Edge Logistics launches digital freight-matching platform Capacity

Edge Logistics' brokerage floor in Chicago.

(Photo: FreightWaves)

This week Chicago-based Edge Logistics launched its digital freight-matching platform Capacity, a web portal that makes the brokerage’s private load board transparent to carriers and allows them to bid on and book loads.

Capacity is unusual because Edge is a fairly small freight brokerage with $49 million in gross revenue in 2019. The majority of digital platforms and mobile apps have been built by the upper tier of 3PLs — names like C.H. Robinson, Coyote, TQL and Echo.

If Capacity takes off — and the early data suggests that it will, with more than 500 carrier accounts created already — it will be a powerful demonstration of how cloud computing and near-shored software engineers have democratized access to technology for small businesses. Edge used Lean Tech, the Medellín, Colombia-based logistics tech firm, in collaboration with its own developers, to build the site’s infrastructure in a cost-controlled process. 

Capacity features an attractive interface and is designed to be easy to use to build preferred lanes, search for freight and make counteroffers on loads.


Edge President William Kerr said the popular notion of carrier “app fatigue” has been promulgated by large 3PLs and that his team’s market research found that most carriers are set up to work with 30 to 50 brokerages but get 90% of their freight from their top five brokers. 

Edge’s goal is to be one of those top five partners for its carriers, Kerr said.

“In terms of having enough liquidity to sustain a marketplace, yes, we do,” Kerr added. “We are launching this product with major contracts in hand from some of America’s largest shippers who also believe in this vision. Capacity allows us to get our best loads in front of our best carriers first, which allows us to do much more business per person.
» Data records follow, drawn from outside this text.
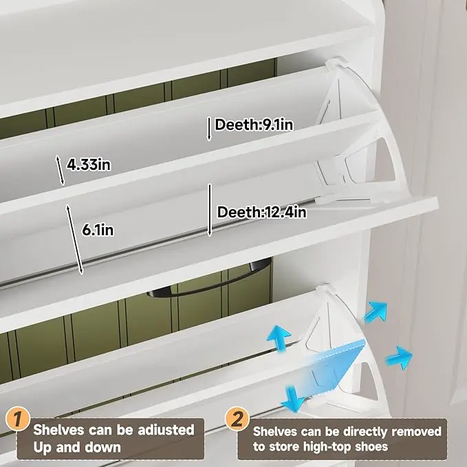 ·Narrow Shoe Cabinet: Most other shoe cabinets have a depth of 14-15in, while our slim shoe cabinet depth front to back is 9.35in! Only half the volume of other shoe cabinets, but it can neatly hide and store more and larger shoes! Innovative flip space-saving design, bringing more space in the entry area or hallway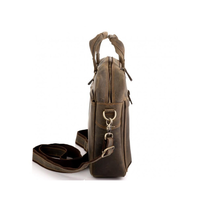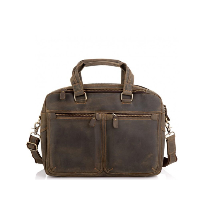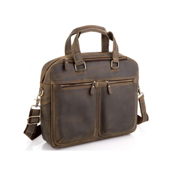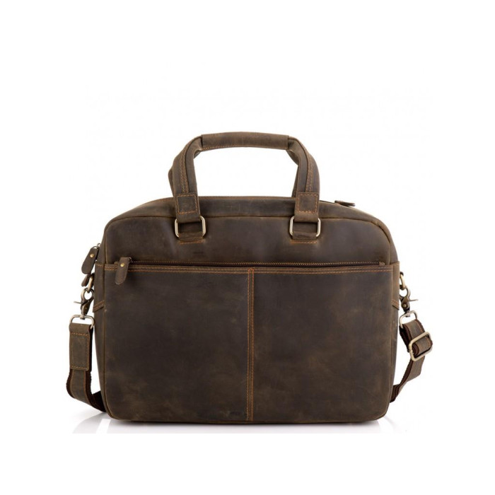 Мужская деловая сумка для ноутбука и документов из лошадиной кожи с винтажной поверхностью. Подойдет для ноутбуков 14 и 15 дюймов. Снизу сумки есть 5 металлических ножек, для носки можно использовать как кожаные ручки, так и плечевой ремень. Фурнитура - золотая, пуллера - кожаные. Сумка мужская имеет одно основное отделение. С лицевой стороны есть два небольших кармана на молнии, а также карман сверху на молнии горизонтального типа, с тыльной стороны расположен карман на молнии. Внутри сумки есть маленькие карманы открытого типа, карман на молнии, а также карман на липучке для гаджета.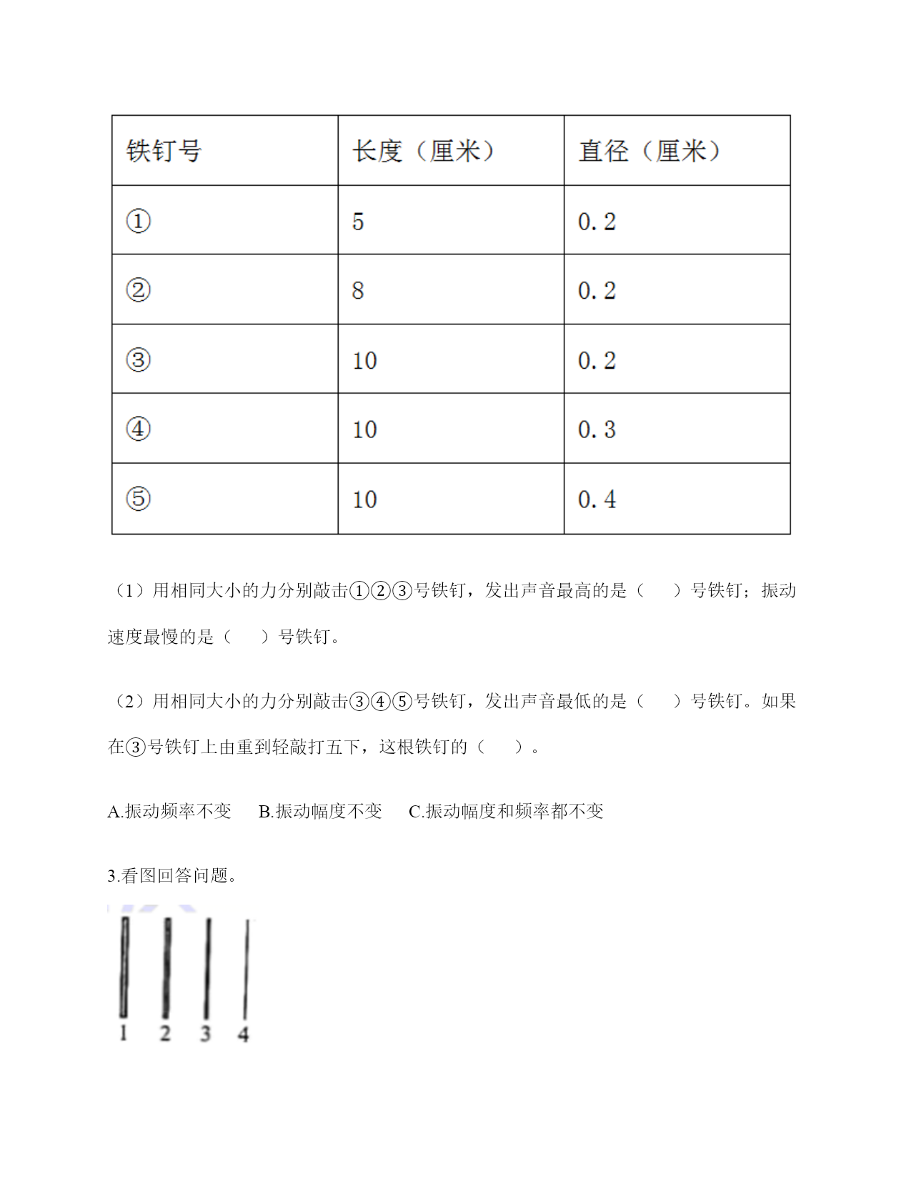 小学科学《声音》练习题一.选择题(共10题,共20分)1.声音产生的根源是()。A.摩擦B.空气C.发声器D.物体振动2.下面不能用于描述声音的是()。A.高、低B.强、弱C.多、少3.声音可以向()传播。A.一个方向B.四面八方C.两个方向4.下列物质中,声音在()中传播速度最快。A.铁轨B.大海C.空气5.吹奏笛子时,我们听到的声音主要是由()振动产生的。A.笛子本子B.笛子中的空气C.吹奏者的嘴唇6.当我们把玻璃钟罩里的空气逐渐抽掉时,钟罩里的闹钟铃声会()。A.越来越轻,甚至听不见B.越来越响C.没有什么变化7.关于声音,下面说法正确的是()。A.人说话是靠舌头振动发声的B.一切发声物体都在振动C.只要物体在振动,我们人耳就能听到声音8.钢尺一部分伸出桌边外,其他部分固定在桌面上。用木块压它在桌外部分顶端并让它滑过。尺端被压下2厘米时即滑过,与被压下5厘米时即滑过发出的声音()。A.强弱不同,频率相同B.频率不同,强弱相同C.频率、强弱都不同9.莉莉借助音叉和乒乓球研究声音产生的秘密(如图所示),当他撞击音叉并将悬吊的乒乓球紧贴着音叉,他会观察到()。A.乒乓球位置不变B.乒乓球多次被弹开C.乒乓球接触音叉后,音叉立即停止发声10.把耳朵贴在桌面上,听同桌在桌子另一端用手抓挠桌面的声音,这样听到的声音与耳朵不贴桌面听到的声音相比()。A.声音更弱B.声音更强C.声音没什么变化二.填空题(共10题,共32分)1.一些歌唱家的歌声被称为“海豚音”,是因为他们能发出很()的声音。2.敲击音叉,然后轻轻按住,感觉音叉在()。3.人的()聚集、传递声音,()接收声音、产生振动、且传递振动到内耳;()能把振动转化为神经信号传递给大脑。4.在耳朵的各个部分中,能将声音转化为振动的是()。5.一根橡皮筋,用相同的力量拨动时,橡皮筋拉得越紧,声音越(),拉得越松,声音越()。(选填“高”或“低”)6.拔动钢尺、()都能发出声音,同时看到物体在()。7.影响弦乐器的弦的音高因素有()等。8.玻璃罩中的空气被抽掉了,形成()后,我们就只能看见闹钟的铃在动,却听不到它的声音。9.听觉神经的作用是(),鼓膜有()的作用。10.物体的振动带动了周围空气的(),空气的振动又引起()的振动。三.判断题(共10题,共20分)1.我们听到蝉的叫声是它们的翅膀在迅速地振动产生的。()2.制作的乐器只要能发出声音就行了。()3.宇航员在月球上需要借助电子设备才能进行沟通,是因为他们穿的宇航服太厚了。()4.听觉神经把振动传到大脑。()5.声音的高低是由物体振动的幅度决定的。振动幅度越大,音调越高。()6.橡皮筋没有发出声音,说明橡皮筋没有发生变化。()7.我们改变电视机的音量时,改变的是声音的强弱。()8.声带越紧,发出的声音就越高。()9.用击打后的音叉轻轻触及水面,水面会有波纹产生。()10.其他条件相同时,物体振动的越快,发出的声音越低。()四.连线题(共1题,共6分)1.连线题。鸟叫声人为的声音电锯声雷声自然界的声音雕刻石碑的声音雨声琴声五.填表题(共2题,共14分)1.探究尺子发出声音的音高变化实验记录表。2.观察物体是否发声。六.简答题(共5题,共26分)1.闪电和雷同时在云层产生,在夏季的雨夜,我们总是先看到闪电,后听到雷声,请对这种现象进行合理解释。2.二胡有两根弦,空弦拉的时候,发出的声音有高有低,这是为什么?3.抽出玻璃罩内的空气,闹钟的声音有什么变化?怎样解释我们看到的现象?声音的传播与空气有关系吗?4.为什么说“一个巴掌拍不响”?5.简单说说如何改变古筝上的某一根弦的音高?七.材料题(共3题,共19分)1.在下图中选出制作土电话的材料。(在选中的材料序号上画“√”)思考:在玩土电话游戏时,对方讲话的声音是通过什么物体传到听话人的耳朵里的?用什么方法能够使土电话中的声音更大一些?2.某一天,有一个人找到福尔摩斯,说他碰上了幽灵。福尔摩斯觉得很好奇,就问他到底是怎么回事。乘客说:“我乘坐的客轮触礁沉没了,幸好我会游泳,才没有沉下云。就当我在水下朝求救生艇游云的时候,突然听见一声巨响,我连忙从水里出来向沉船方向看去,结果又传来一声巨响。可是后来所有人都说只听到了一声巨响。你说我是不是遇到幽灵了?”福尔摩斯想了想,笑着说:“你没听错,不过确实只发生了一次爆炸,水里没有幽灵。”你能利用声音传播的知识,替福尔摩斯向这个人解释为什么会听到两次爆炸的声音吗?3.用三个塑料袋分别装上沙子、水和空气封口,将三个塑料袋分别放在桌子上,一只耳朵轻轻地贴在塑料袋上,捂住另一只耳朵。在距离一臂远处,用铅笔上的橡皮轻轻敲击桌面。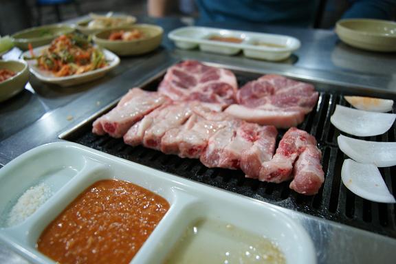 毎回、ポパイ君は汗ダラダラ流しながら辛めのダッカルビをモリモリ食べます(´~`)モグモグ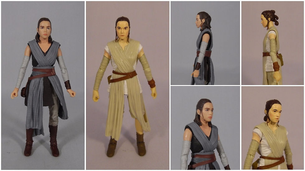 While the costume is very similar, there is no re-use and instead everything on the new version is brand new. When you compare the two versions side by side you can see how the older figure is a touch smaller - it seems with the new Rey figures (here and with her speeder) have fixed a height concern. The older Rey is also a little bulkier and on reflection this isn't accurate of Daisy Ridley's sight frame. The new figure is much more accurate.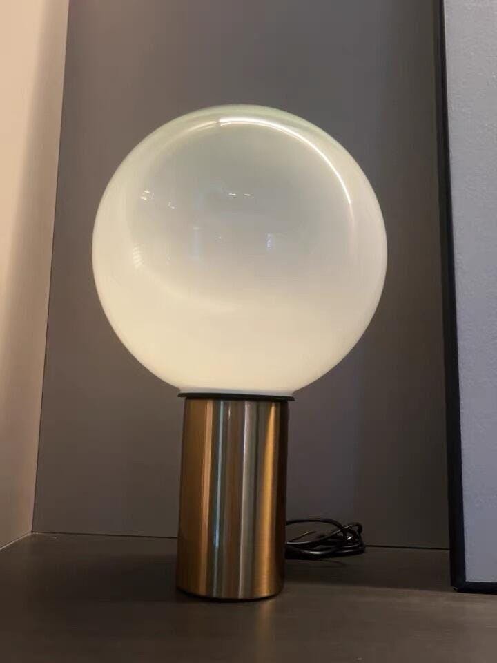 Now available in stunning gold. the Laguna table is a spherical table lamp with a raised base that provides a softly diffused light on the tabletop and casts a warm light in its surrounding environment. This modern and elegant table features hand-blown glass mounted on an aluminum base.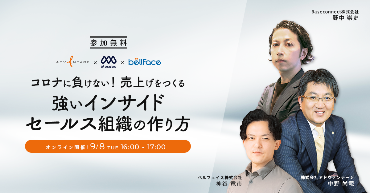 本ウェビナーでは、オンライン会議システム「bellFace」を提供するベルフェイス社、営業支援システム「Musubu」を提供するベースコネクト社、人材採用マーケティングシステム「ちょくルート」を展開するアドヴァンテージ社の3社より、インサイドセールスを始めるにあたって必要な”組織・営業体” ”人材採用” ”育成方法”など幅広い内容を具体的な事例や、BtoB営業で成果を上げている具体的ノウハウを交えてご紹介します。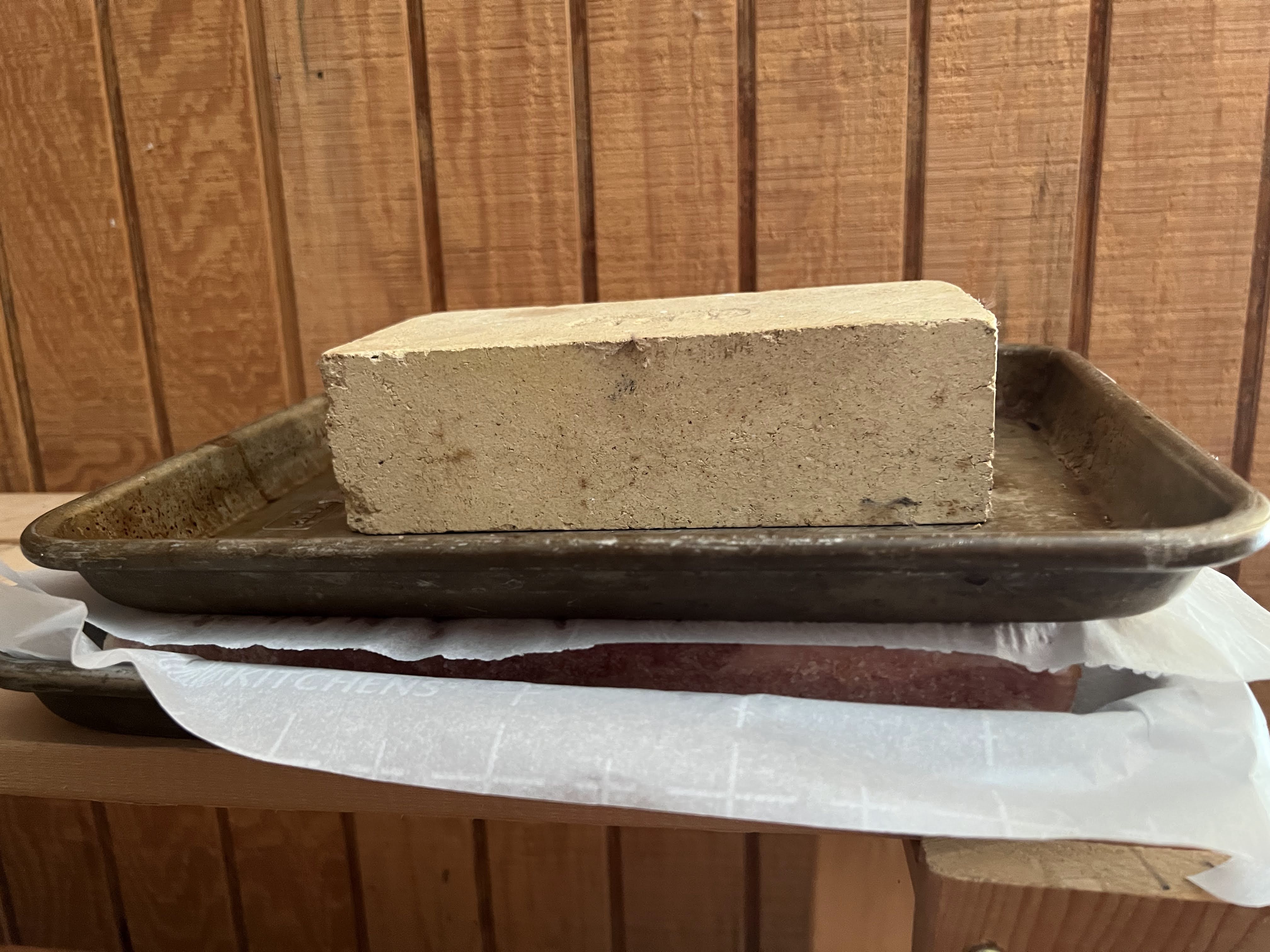 The first step was to cure the pork belly with kosher salt, dark brown sugar, and pink curing salt. We did not have the pink curing salt and there is no substitute for it so we went on line and bought the smallest size we could. It will last us years even if we make bacon several times a year, but it was not expensive and we now have it on the shelf. I rubbed the pork with the mixture and the first picture is that piece of the pork belly with the rub on it. I set it on a sheet of parchment in a ¼ sheet pan and then I covered it with another sheet of parchment paper and then a second ¼ sheet pan and then put a brick in that pan to weigh it down. The second picture shows it ready to go into the refrigerator for 7 days to cure.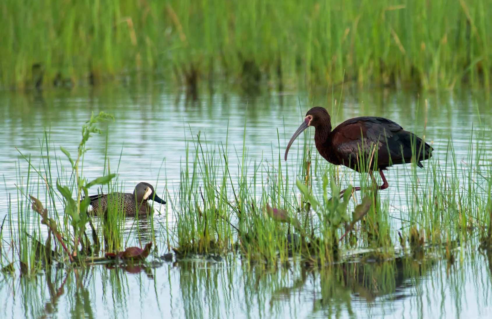 White Faced Ibis and Blue Wing Teal

We project that with Capacity live in the open market, we are going to be able to deliver $2 million in freight revenue per employee in 2020.”

Edge realized that transparency was in the best interests of all its stakeholders — shippers and carriers — and that building its own technology was the best way to efficiently deliver what its customers and carriers wanted.


“Customers want best-in-class pricing, real-time visibility, excellence in overcoming obstacles/issue resolution and high-quality drivers and equipment,” Kerr said. “They want the same carriers hauling the same loads over and over, and they want all the data in their system in real time. We have been doing the beta testing for a few months now, and carrier participation has been outstanding.”

Virtual dedicated capacity is the gold standard of services offered by 3PLs, and Edge’s Capacity platform allows carriers and shippers to build those relationships directly. In the My Drivers section, carriers can offer recurring capacity to match with future loads from shippers with regular lanes on an ongoing basis. 

“The launch version of My Drivers is far more user friendly and leads to greater matching success, getting those high-probability matches offered in seconds versus minutes,” Kerr said.

Kerr believes that Capacity will allow Edge to build deeper and stickier relationships with carriers. The transparent marketplace should build trust around individual loads and rates while also putting them in the context of the big picture, Kerr explained, so that partnerships can be about more than today’s load for today’s truck.

“There has never been a greater need than right now for a broker to manage the relationship between the national footprint shipper and the family-owned, regionally operating, well-established trucking company,” Kerr said.

Edge is already thinking about Capacity version 2.0. Not only will its matching algorithms get smarter the more daily active users are in the platform, but Edge wants to expand the functionality so that carriers can participate in RFPs in Edge’s shipper network. 

“We think this can give regionally operating carriers the ability to win those one or two lanes they really need to complete their triangle from a major shipper and get the density and consistency they need to keep their trucks moving, without making any of the contractual promises that corporate America is demanding from their carrier base from a size, financial strength, technology and insurance compliance perspective,” Kerr said.